In January 2020, the FDA found out BD had restarted sales and wasn’t thrilled. They called BD’s actions “misaligned with our previous conversations.” Translation: You didn’t listen, and now we have a problem. Finally, BD reinstated a full sales hold and admitted that revenue would take a hit. But here’s where it gets dicey—at the January 2020 shareholders meeting, BD still stuck to its overly rosy revenue forecast. By February, the jig was up. BD admitted sales were halted indefinitely, and the stock dropped 12%, leaving investors fuming. As one analyst put it, “10 days ago we heard everything in pumps was OK… I’m stunned and have a lot of angry people with pitchforks.”
It didn’t stop there. The SEC found BD had overstated its Q4 2019 operating income by a jaw-dropping 82% by failing to account for the costs of fixing Alaris. Basically, they made their books look a lot healthier than they actually were. Cue the SEC stepping in with charges for antifraud violations, reporting lapses, and poor disclosure controls. Along with the $175 million settlement, BD is now bringing in a compliance consultant to clean house.

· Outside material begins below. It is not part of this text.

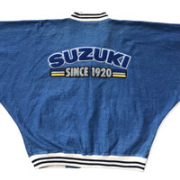 This vintage Suzuki batwing-style denim jacket represents a rare intersection of Japanese automotive heritage and late-20th-century motorsport fashion culture. Produced as a promotional or internal brand garment, this piece reflects Suzuki’s global expansion era when lifestyle apparel became an extension of racing identity. The exaggerated batwing cut and bold rear embroidery elevate it beyond standard workwear into archive-grade brand memorabilia. ⸻ HISTORY & RELATED INFLUENCE During the late 1980s to early 1990s, Japanese manufacturers such as Suzuki, Honda, and Yamaha began releasing branded apparel tied to racing teams, dealerships, and motorsport events. Batwing silhouettes were especially popular in this period, influenced by Western varsity jackets and motorcycle paddock wear. This jacket aligns with that era—pre-mass merch, limited production, and never intended for retail saturation—making surviving examples scarce today. ⸻ DETAILS • Brand: Suzuki • Era: Late 1980s – Early 1990s • Style: Batwing / Dolman sleeve denim jacket • Fabric: 100% cotton denim • Closure: Full zip front • Graphic: Embroidered “SUZUKI Since 1920” back logo • Color: Indigo blue • Origin: Japan-branded licensed production ⸻ SIZE & MEASUREMENTS (measured flat) • Chest (pit to pit): 27 inches • Length (shoulder to hem): 27 inches • Fit: Oversized batwing — fits Medium up to XL depending on desired silhouette ⸻ CONDITION Excellent vintage condition. Fabric remains strong with natural age character. Embroidery is intact and vibrant. No structural damage. Archive-grade wearable condition. ⸻ SHIPPING Worldwide shipping available. Item will be professionally packed for international transit, suitable for long-term archival storage or collector display. ⸻ Why buy from WAROENGKARTINI45_? We specialize in museum-positioned vintage garments, focusing on cultural relevance, authenticity, and historical context. Every piece is curated, documented, and priced according to global top-tier collector standards. ⸻ AUTHENTICITY NOTE This is an original vintage Suzuki jacket from the late 20th century. Not a reproduction. Not a modern reissue. ⸻ • Japanese motorsport collectors • Vintage racing & automotive historians • Avant-garde fashion collectors • Archive stylists and costume departments • Rare batwing construction not used in later Suzuki apparel • Large-format embroidered back graphic (not printed) • Pre-2000s Japanese motorsport branding • Excellent condition with strong collector crossover (fashion + automotive) • Scarcity: almost no active market comparables This item is positioned as a rare non-retail automotive archive piece, not mass merchandise. Comparable Japanese motorsport jackets rarely surface and are often privately traded.

While BD’s mishandling of Alaris drew significant regulatory scrutiny, it’s important to acknowledge the pump’s critical role in healthcare. The Alaris system has been a mainstay in hospitals, safely delivering fluids, medications, and blood to patients for years. During the COVID-19 pandemic, it played an essential role in patient care despite its software challenges. Following a lengthy process, BD secured FDA clearance for the updated Alaris system in July 2023 and has since committed to updating its fleet of devices.
BD’s saga is a wake-up call: Short-term fixes and half-truths might save face for a while, but the long-term fallout—financial and reputational—can be brutal. Or, as SEC Acting Enforcement Director Sanjay Wadhwa said: “Public companies have a fundamental duty to accurately disclose material business risks and should expect to be held accountable when they fall short.” The SEC’s modernization efforts are a sign that compliance is getting smarter and stricter. Companies that play it straight will thrive. Those that don’t? Well, they’ll be joining BD in the penalty box.